As is evident from FIG. 3 in comparison to FIG. 1, the new functionality can solely be provided in the ML interface 341, which allows also to use it together with a legacy ML controller, which then only needs to interface with the functionality of the ML interface 341 without having to be altered. In this case, the ML interface 341 provides the legacy ML controller with input data instead of the pre-processing function 330. This reduces the need of a complete re-design of the ML controller. For the further illustration, it is however assumed that the ML interface 341 is part of the ML controller 340 and not separate thereto, however this should not be regarded to be limiting.

The timewise progression of the input data through the application 320 and the ML controller 340 is schematically depicted in FIG. 4.

FIG. 4 shows a time-diagram 400 of the asynchronous ML model execution performed by the system 300 as shown in FIG. 3. Thereby, the diagram 400 shows the schematic timewise progression of data through the application 320 and the ML controller 340. Time progresses starting from the top of the diagram moving to the bottom.

At first, the application 320 starts with pre-processing of first input data received from a data source—not shown here-using the pre-processing function 330. Once the pre-processing is completed, the data is provided 410a to the ML controller 340. The data is again highlighted with a black rectangular with the number “1” in it. Once the data is received, the ML controller 340 starts the ML model execution 430a. Instead of waiting on the ML model output, the application 320 directly starts pre-processing second input data, which are highlighted with a black rectangular with the number “2” in it. Once the pre-processing of the second input data with the pre-processing function 330 is completed, the input data is provided to the ML controller 340. The second pre-processed input data is then stored within the queue 342 of the ML interface 341 to be used for the ML model run.

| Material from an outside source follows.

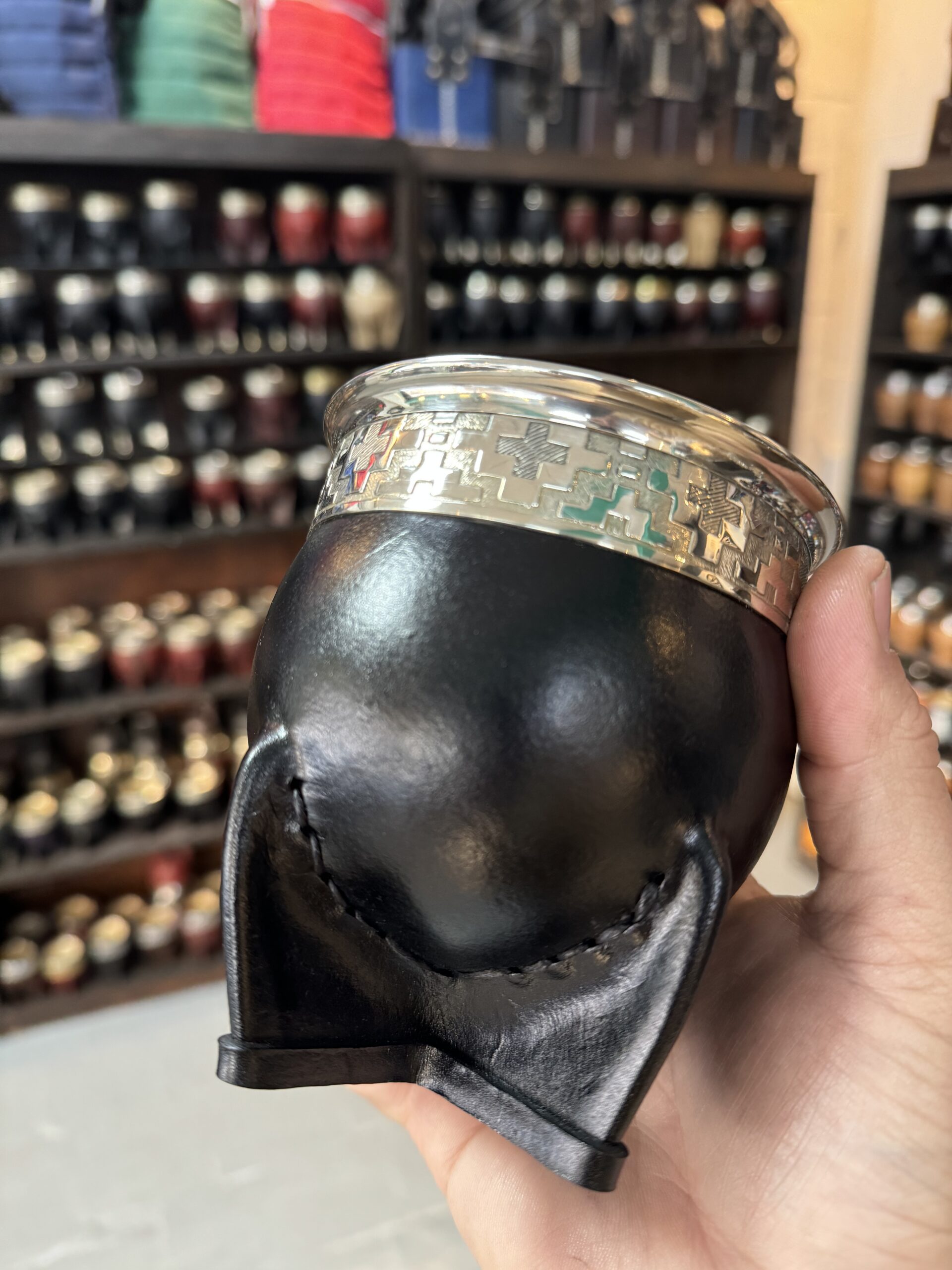 Imperial Premium Cuero liso pulido, con calabaza brasilera, costura uruguaya de puntos continuos reforzada, con virola y fleje de alpaca pura y de vuelo, es un mate increíble con estilo y detalle de los mejores artesanos en mates. Consultar dibujos de flejes disponibles antes de comprar.

In the here shown example, the ML controller 340 after having queued the second input data has already finished the processing of the first input data and provides 440a first output data to the application 320 which are received 450a and can then be post-processed with post-processing function 360. The output data is indicated with the black rectangular with the number “1” in it. Directly after- or already during—the post-processing, the application 320 can pre-process third input data, which are indicated by the black rectangular with the number “3” in it. The pre-processed third input data can then be provided 410c to the ML controller 340, where they can be stored in queue 342 until being used for the ML model execution 430c. The ML controller 340 will then take the input data from the queue and fed the respective input data to the ML model.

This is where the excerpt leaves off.